Each one of us has a role to play in the body. If we take on burdens out of obligation, or because “no one is doing it,” we rob others of playing their God-given roles in the body of Christ. So, let’s remind ourselves of 1 Corinthians 12:4–6—There are different kinds of gifts, but the same Spirit. There are different kinds of service, but the same Lord. There are different kinds of working, but the same God works all of them in all men.

I’m praying for all of us who labor for the gospel to find freedom in doing the job Christ prepared in advance for us to do (Ephesians 2:10). Let us do those good works with conviction, consistency, and clarity, through the power of the Holy Spirit at work within us.

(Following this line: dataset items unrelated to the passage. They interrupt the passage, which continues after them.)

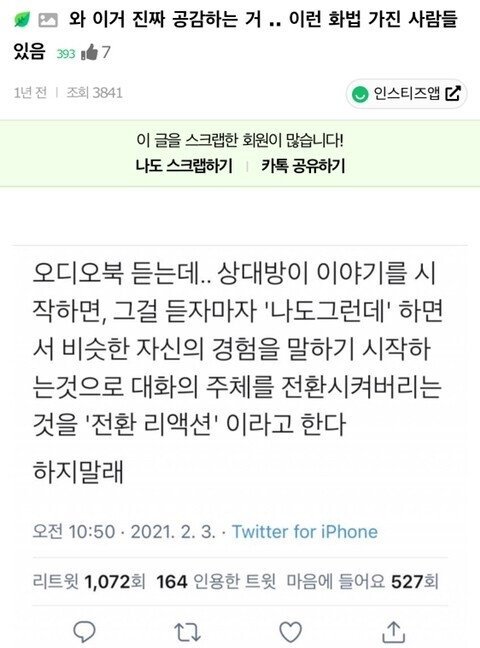 예를 들어서 나 이 립스틱 샀다 하고 말했는데 친구가 오 나도 그거 집에 있어 어쩌고저쩌고 이러면서 자연스럽게 자기 얘기로 이끄는 거..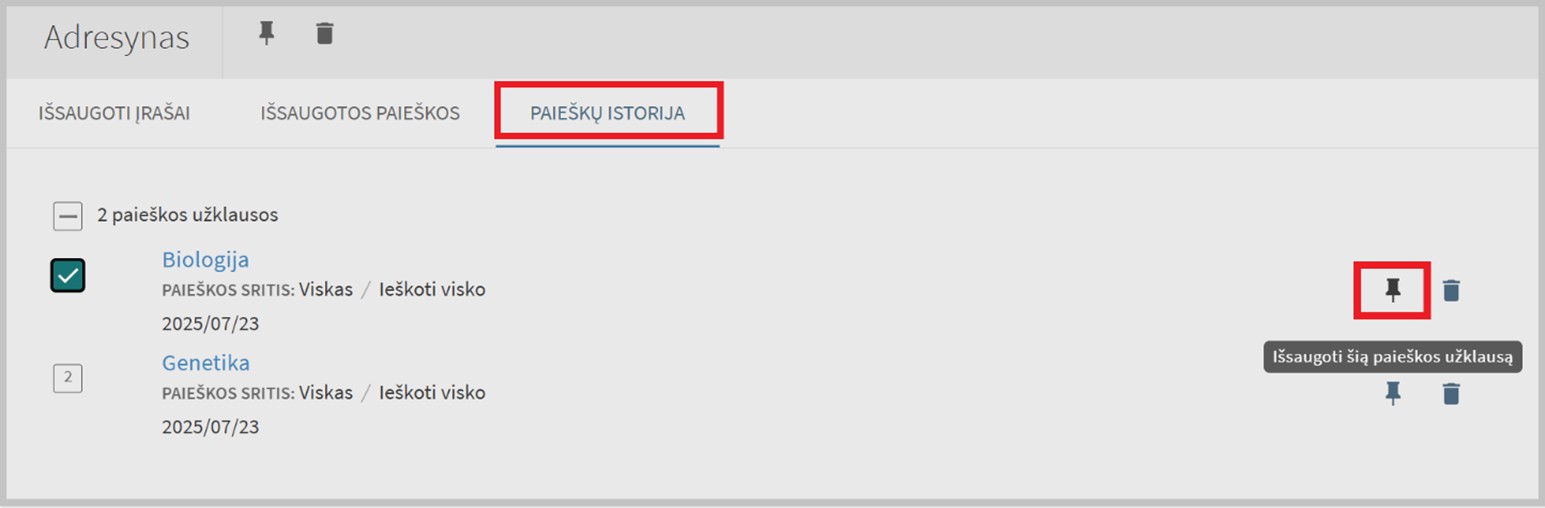 Taip pat galite pažymėti kelias pageidaujamas paieškas ir spragtelėti mygtuką Išsaugoti šią paieškos užklausą.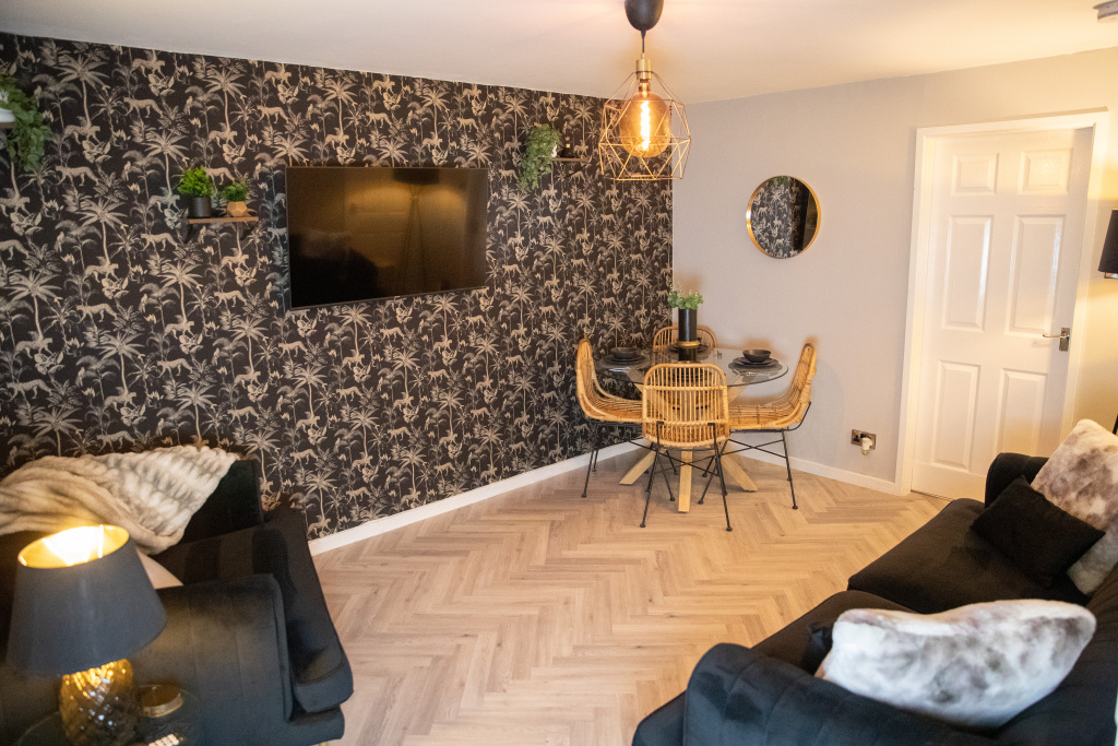 The house is fully equipped with a brand new kitchen, a comfortable living room with a 4 seater sofa, cuddle chair, and a 50 inch smart TV.

  • What is one area God is calling you to “specialize” in?
  • Whatever you regularly do is your job. What are some things that have inadvertently become your job that aren’t a part of your mission?
  • Who can you ask to come alongside you? What are some roles you’re trying to fill that belong to others (who may be able to do them even better)?

Whitney Julian

Whitney Julian is the Citylight Kids Director at the Midtown location in Omaha, Nebraska. Citylight Kids exists to help families Meet Jesus, Imitate Jesus, and Share Jesus through the Gospel, Relationships, and Service. She is married to Joe, a pastor, and together they have two girls and a boy. Prior to Citylight, Joe and Whitney spent six years living with youth at Boystown as a Family Teaching Couple. Whitney has a degree in Elementary Education, and has always enjoyed seeing the spark when a child learns something new – especially when they’re beginning to understand and enjoy the Gospel of Jesus!